## Exercise goal
This calls for a verbatim copy of all the data, with no images carried over.

## Given material
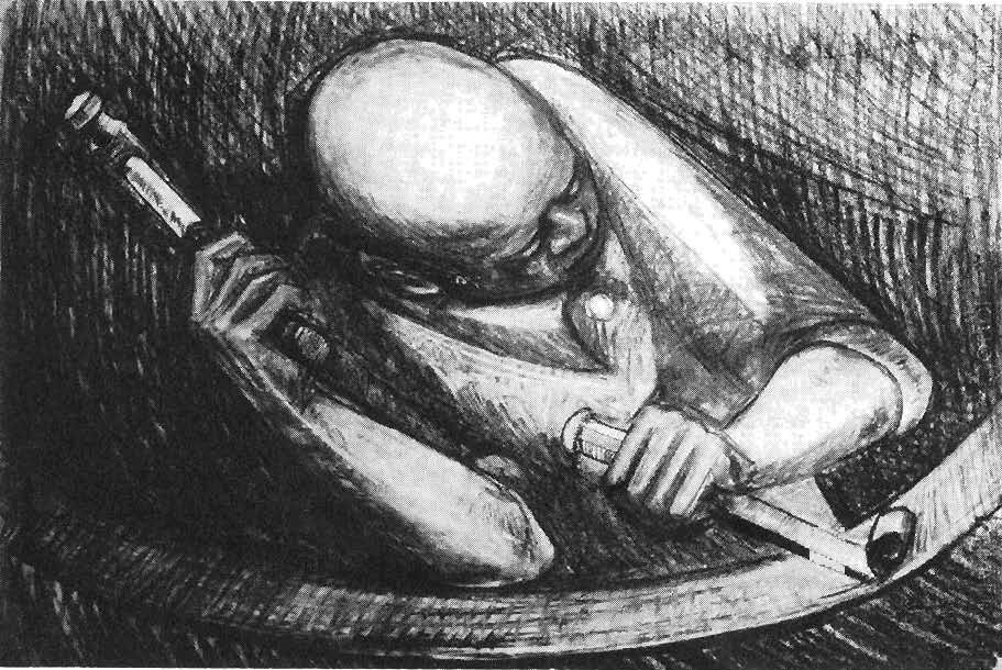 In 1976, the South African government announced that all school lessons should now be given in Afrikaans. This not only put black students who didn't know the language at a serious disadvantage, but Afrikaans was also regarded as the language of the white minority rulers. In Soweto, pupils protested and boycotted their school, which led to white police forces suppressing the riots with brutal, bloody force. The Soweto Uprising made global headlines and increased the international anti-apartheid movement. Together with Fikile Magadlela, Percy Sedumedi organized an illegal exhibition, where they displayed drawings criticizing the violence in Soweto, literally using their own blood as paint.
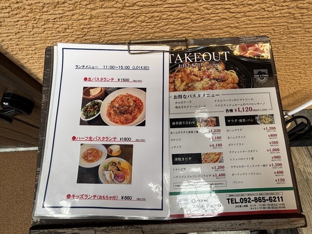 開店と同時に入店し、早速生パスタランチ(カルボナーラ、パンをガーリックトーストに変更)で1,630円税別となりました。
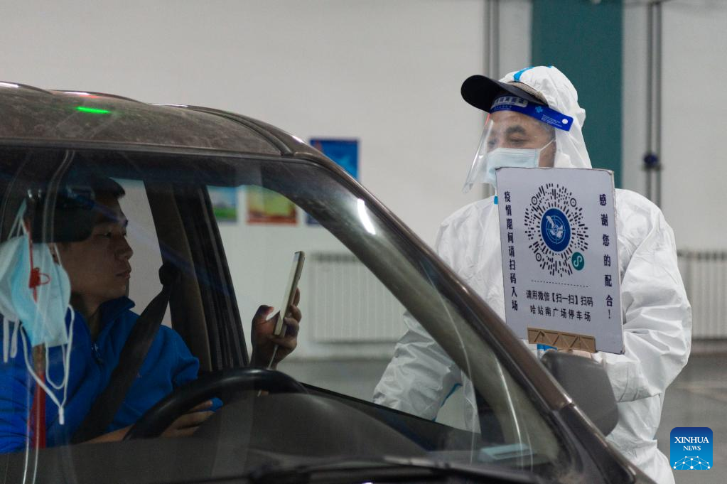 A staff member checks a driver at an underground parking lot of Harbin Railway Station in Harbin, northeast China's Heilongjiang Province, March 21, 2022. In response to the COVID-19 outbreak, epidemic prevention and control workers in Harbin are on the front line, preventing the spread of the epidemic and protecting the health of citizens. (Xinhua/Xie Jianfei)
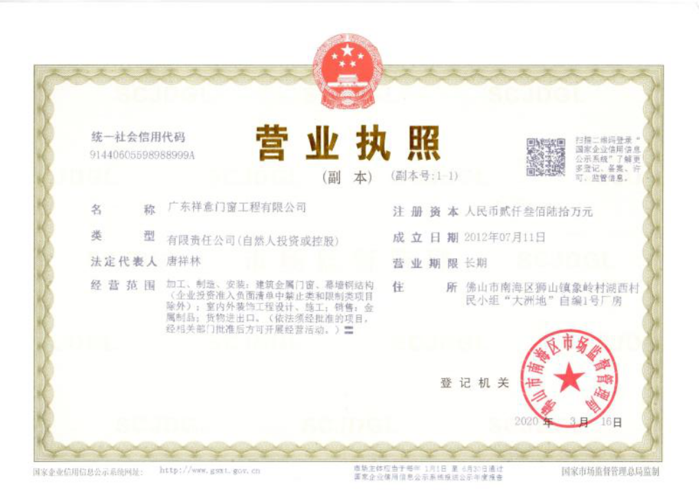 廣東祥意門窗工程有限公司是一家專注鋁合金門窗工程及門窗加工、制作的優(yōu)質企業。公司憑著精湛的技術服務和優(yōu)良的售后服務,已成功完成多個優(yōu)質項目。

## Answer to this task
 In 1976, the South African government announced that all school lessons should now be given in Afrikaans. This not only put black students who didn't know the language at a serious disadvantage, but Afrikaans was also regarded as the language of the white minority rulers. In Soweto, pupils protested and boycotted their school, which led to white police forces suppressing the riots with brutal, bloody force. The Soweto Uprising made global headlines and increased the international anti-apartheid movement. Together with Fikile Magadlela, Percy Sedumedi organized an illegal exhibition, where they displayed drawings criticizing the violence in Soweto, literally using their own blood as paint.
 開店と同時に入店し、早速生パスタランチ(カルボナーラ、パンをガーリックトーストに変更)で1,630円税別となりました。
 A staff member checks a driver at an underground parking lot of Harbin Railway Station in Harbin, northeast China's Heilongjiang Province, March 21, 2022. In response to the COVID-19 outbreak, epidemic prevention and control workers in Harbin are on the front line, preventing the spread of the epidemic and protecting the health of citizens. (Xinhua/Xie Jianfei)
 廣東祥意門窗工程有限公司是一家專注鋁合金門窗工程及門窗加工、制作的優(yōu)質企業。公司憑著精湛的技術服務和優(yōu)良的售后服務,已成功完成多個優(yōu)質項目。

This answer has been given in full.